Insulin, androgens, and obesity in women with and without polycystic ovary syndrome: a heterogeneous group of disorders
ABSTRACT To analyze the correlations among insulin, androgens, body mass index (BMI), and other related metabolic anomalies in women with and without polycystic ovary syndrome (PCOS).
Retrospective study of normal and obese women with and without PCOS.

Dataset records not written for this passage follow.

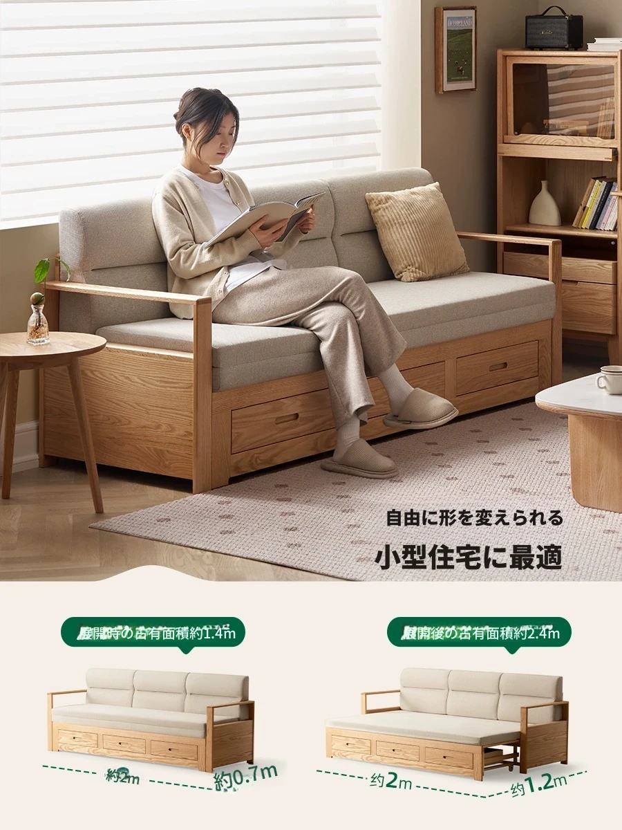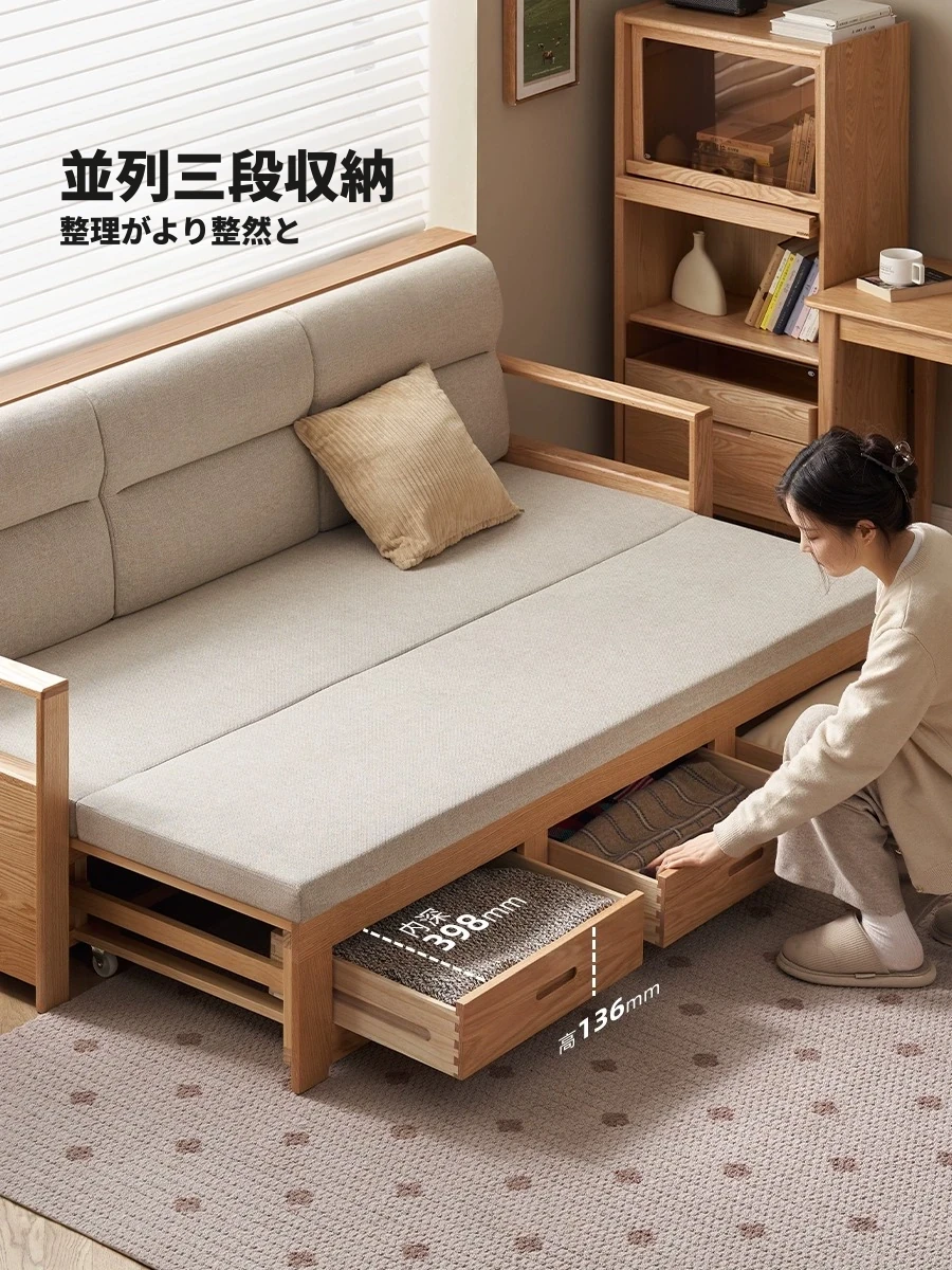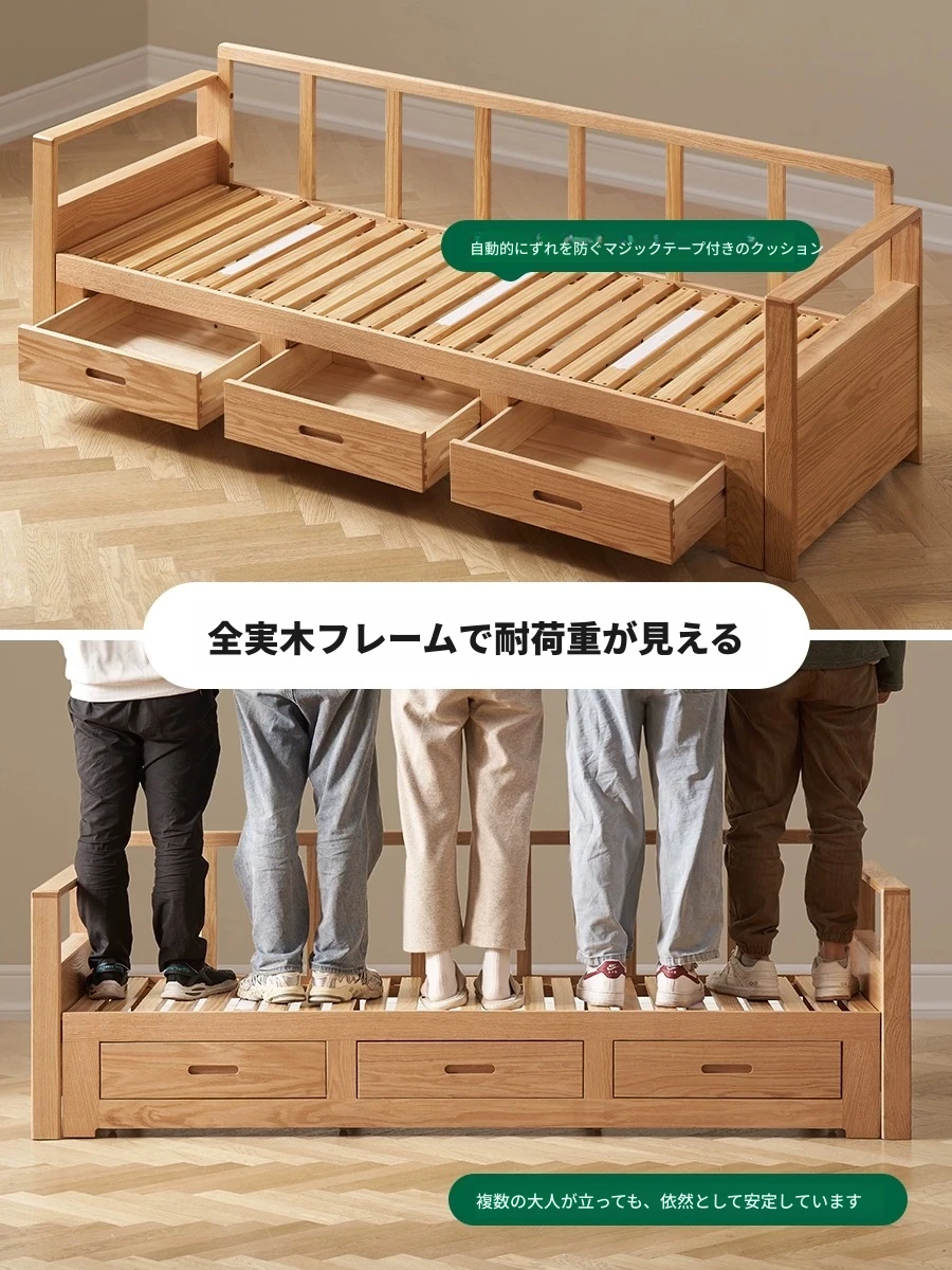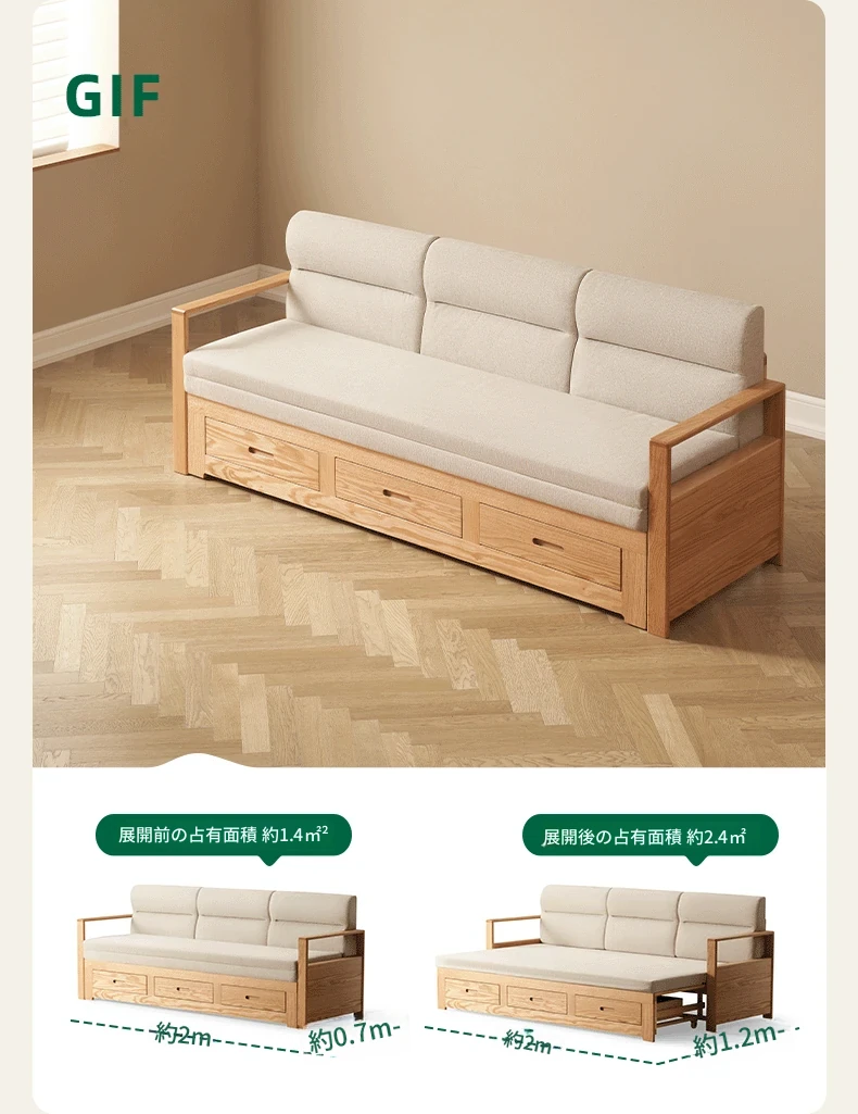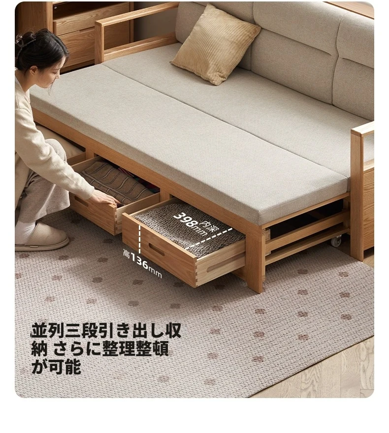オリジナルエッセンス 全木製 折りたたみソファベッド オーク材 多機能伸縮ベッド リビング収納付き 3人掛けソファ - スタイリッシュで実用的な空間を演出!
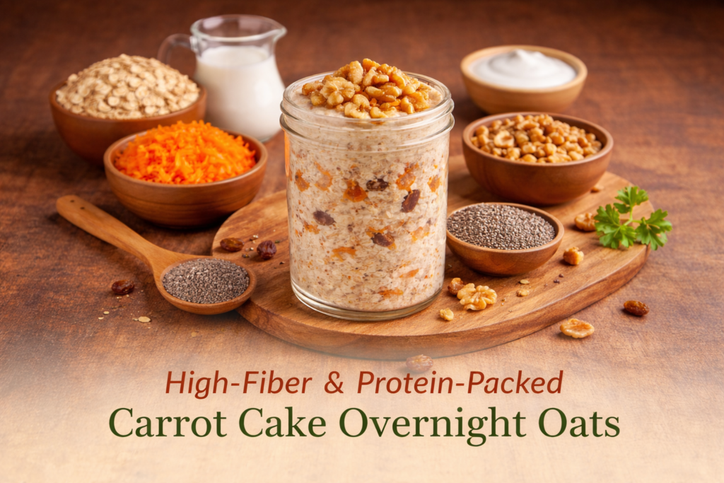 Carrot cake overnight oats is a healthy, fiber-rich breakfast that combines the goodness of oats, carrots, and protein-rich ingredients. It supports digestion, keeps you full for longer, and provides steady energy throughout the day.
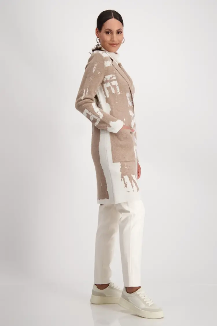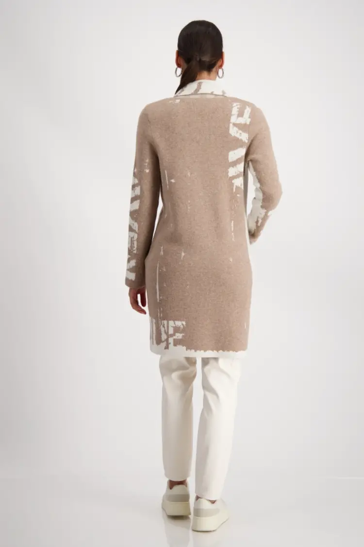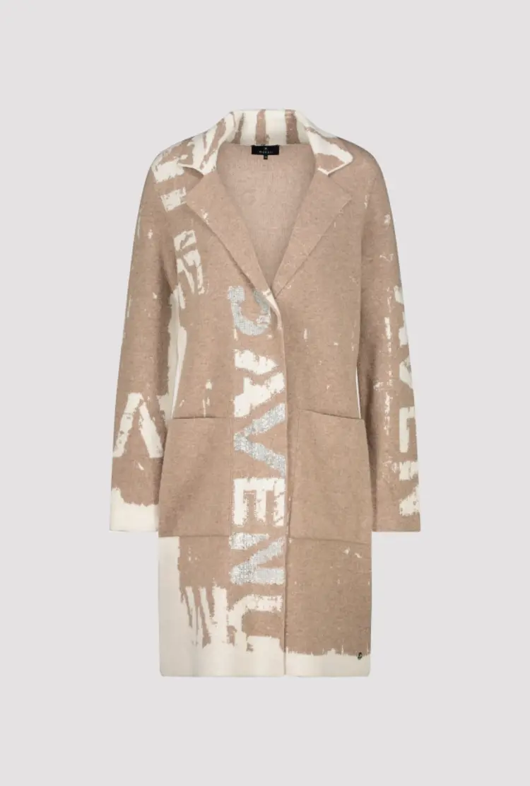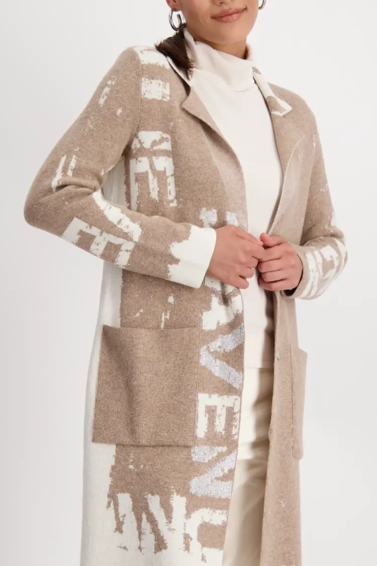 • Dit warme gebreid vest van het merk Monari valt op door de opvallende jacquardstof en fonkelende strass-letters. Met een klassieke reverskraag, blinde knoopsluiting en praktische opgestikte zakken.

Gynecologic endocrinology units of Elche, San Juan, and Alicante Hospitals and Hormone Laboratory at Alicante University Hospital ("Miguel Hernández" University).
A total of 212 women were studied: 137 with PCOS and 75 without PCOS.
BMI, gonadotropins, insulin, androgens (T, androstenedione, DHEAS), 17alpha-hydroxyprogesterone, sex hormone-binding globulin, and triglycerides were studied. Glycemia and insulin response to the tolerance test (GTT) with a 100-g oral glucose load were also assessed in 103 women.
A good correlation between insulin and BMI was found in normal and obese women without hormonal dysfunction and in patients with or without PCOS. Good correlations, although lower, between insulin and T, and BMI, insulin, and T with triglycerides were also found in patients with PCOS. These patients fell into clearly distinct categories: with or without insulin resistance and with or without obesity, but slim women with PCOS had insulin and metabolic variables similar to those without PCOS, and most obese women with PCOS were insulin-resistant and more hyperandrogenic and hypertriglyceridemic.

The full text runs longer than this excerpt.